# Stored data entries
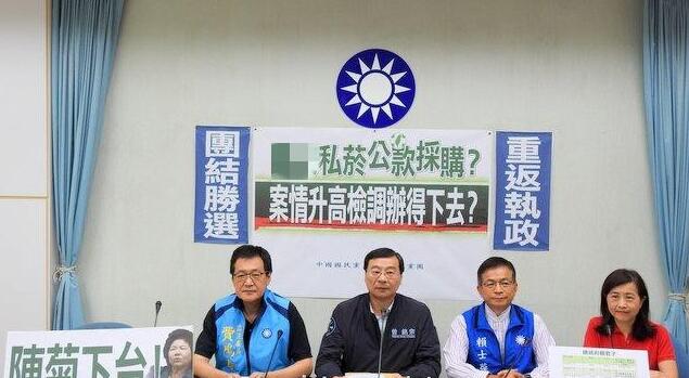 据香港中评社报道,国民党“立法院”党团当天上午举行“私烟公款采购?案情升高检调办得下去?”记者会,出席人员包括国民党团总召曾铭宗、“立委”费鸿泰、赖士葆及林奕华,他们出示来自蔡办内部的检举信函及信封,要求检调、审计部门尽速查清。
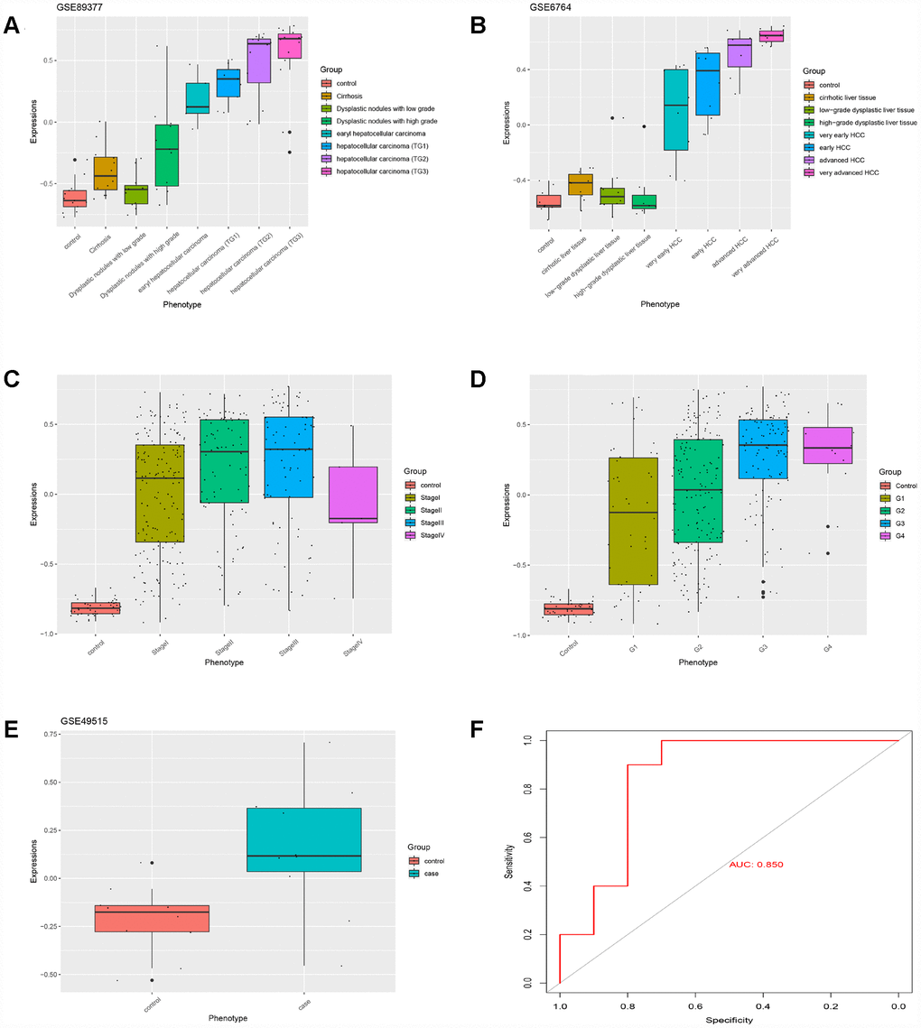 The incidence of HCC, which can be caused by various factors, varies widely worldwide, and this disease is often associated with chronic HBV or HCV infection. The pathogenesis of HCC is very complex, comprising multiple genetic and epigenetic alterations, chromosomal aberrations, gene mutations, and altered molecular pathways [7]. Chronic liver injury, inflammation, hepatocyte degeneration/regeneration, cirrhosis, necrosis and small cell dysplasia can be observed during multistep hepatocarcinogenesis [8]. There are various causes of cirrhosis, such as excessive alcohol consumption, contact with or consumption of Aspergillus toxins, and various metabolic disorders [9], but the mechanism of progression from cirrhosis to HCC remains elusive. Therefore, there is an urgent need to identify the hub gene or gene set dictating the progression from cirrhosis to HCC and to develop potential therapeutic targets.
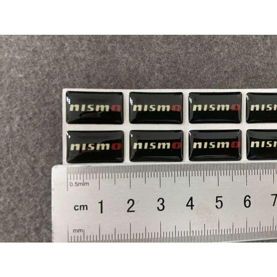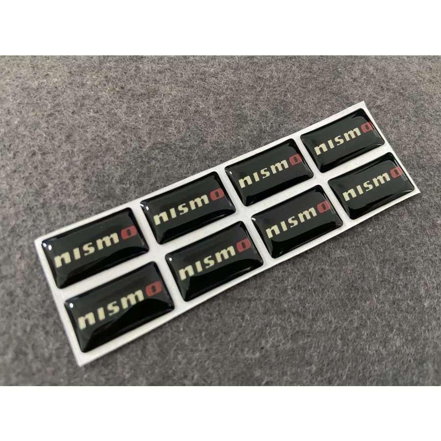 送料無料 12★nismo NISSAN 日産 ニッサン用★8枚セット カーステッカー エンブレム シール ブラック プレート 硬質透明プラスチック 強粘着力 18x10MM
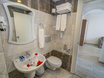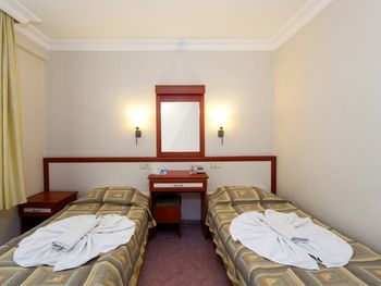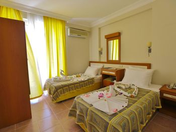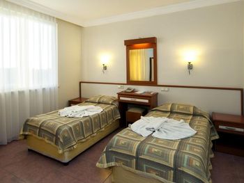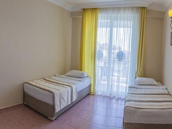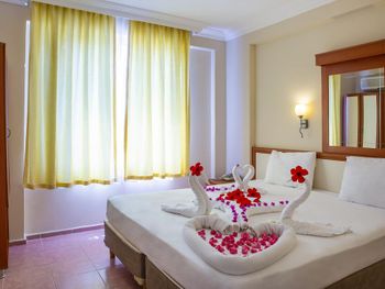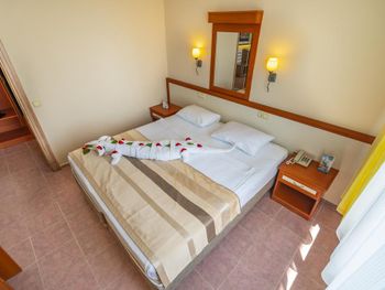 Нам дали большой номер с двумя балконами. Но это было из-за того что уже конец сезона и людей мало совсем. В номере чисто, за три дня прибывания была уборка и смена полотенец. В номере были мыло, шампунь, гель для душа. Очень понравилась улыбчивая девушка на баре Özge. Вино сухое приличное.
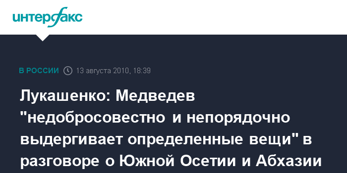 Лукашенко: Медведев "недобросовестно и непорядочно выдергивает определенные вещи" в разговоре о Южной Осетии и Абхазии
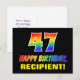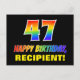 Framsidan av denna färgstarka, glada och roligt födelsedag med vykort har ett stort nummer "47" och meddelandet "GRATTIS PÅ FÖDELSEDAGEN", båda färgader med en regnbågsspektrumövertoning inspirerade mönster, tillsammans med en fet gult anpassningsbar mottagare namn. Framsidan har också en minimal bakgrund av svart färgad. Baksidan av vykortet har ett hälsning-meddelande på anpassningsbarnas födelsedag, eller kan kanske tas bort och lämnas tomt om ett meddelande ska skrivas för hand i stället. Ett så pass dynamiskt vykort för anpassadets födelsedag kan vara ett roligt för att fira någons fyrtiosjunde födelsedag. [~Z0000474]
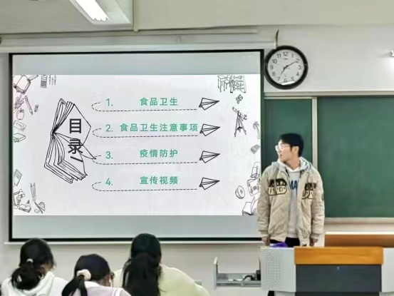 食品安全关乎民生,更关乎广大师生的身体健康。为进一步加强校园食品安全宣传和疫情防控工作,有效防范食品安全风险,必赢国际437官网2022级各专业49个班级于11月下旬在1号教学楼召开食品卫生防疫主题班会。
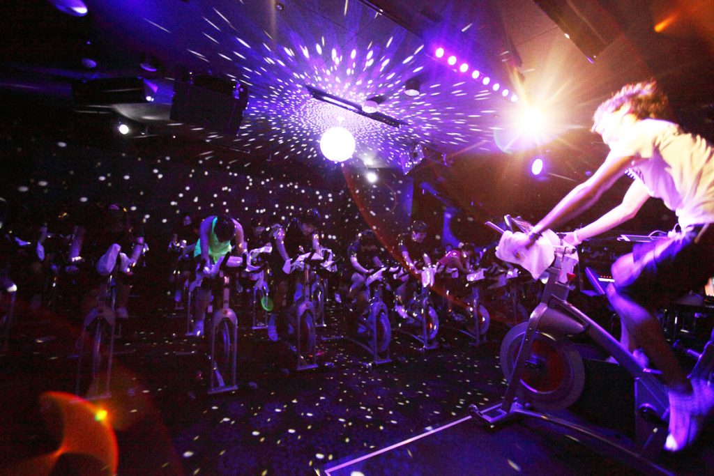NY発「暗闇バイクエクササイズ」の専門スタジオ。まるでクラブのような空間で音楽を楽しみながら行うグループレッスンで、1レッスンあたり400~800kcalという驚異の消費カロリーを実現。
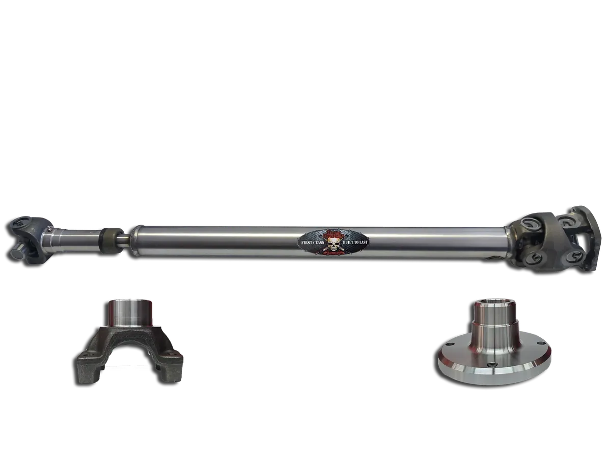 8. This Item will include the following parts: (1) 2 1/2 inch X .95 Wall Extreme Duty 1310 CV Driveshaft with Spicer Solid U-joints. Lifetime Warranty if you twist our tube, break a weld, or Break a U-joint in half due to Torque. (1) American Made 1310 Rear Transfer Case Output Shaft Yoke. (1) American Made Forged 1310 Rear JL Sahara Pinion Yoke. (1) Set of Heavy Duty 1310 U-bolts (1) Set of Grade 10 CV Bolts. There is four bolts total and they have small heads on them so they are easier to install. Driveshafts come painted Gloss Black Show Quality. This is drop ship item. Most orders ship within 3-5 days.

# DESCRIPTION OF THE TASK
Beginning with the first line of the entries above, repeat each line word for word until the line with "Осетии и Абхазии" has been given too. Omit the pictures.

# SOLUTION
 据香港中评社报道,国民党“立法院”党团当天上午举行“私烟公款采购?案情升高检调办得下去?”记者会,出席人员包括国民党团总召曾铭宗、“立委”费鸿泰、赖士葆及林奕华,他们出示来自蔡办内部的检举信函及信封,要求检调、审计部门尽速查清。
 The incidence of HCC, which can be caused by various factors, varies widely worldwide, and this disease is often associated with chronic HBV or HCV infection. The pathogenesis of HCC is very complex, comprising multiple genetic and epigenetic alterations, chromosomal aberrations, gene mutations, and altered molecular pathways [7]. Chronic liver injury, inflammation, hepatocyte degeneration/regeneration, cirrhosis, necrosis and small cell dysplasia can be observed during multistep hepatocarcinogenesis [8]. There are various causes of cirrhosis, such as excessive alcohol consumption, contact with or consumption of Aspergillus toxins, and various metabolic disorders [9], but the mechanism of progression from cirrhosis to HCC remains elusive. Therefore, there is an urgent need to identify the hub gene or gene set dictating the progression from cirrhosis to HCC and to develop potential therapeutic targets.
 送料無料 12★nismo NISSAN 日産 ニッサン用★8枚セット カーステッカー エンブレム シール ブラック プレート 硬質透明プラスチック 強粘着力 18x10MM
 Нам дали большой номер с двумя балконами. Но это было из-за того что уже конец сезона и людей мало совсем. В номере чисто, за три дня прибывания была уборка и смена полотенец. В номере были мыло, шампунь, гель для душа. Очень понравилась улыбчивая девушка на баре Özge. Вино сухое приличное.
 Лукашенко: Медведев "недобросовестно и непорядочно выдергивает определенные вещи" в разговоре о Южной Осетии и Абхазии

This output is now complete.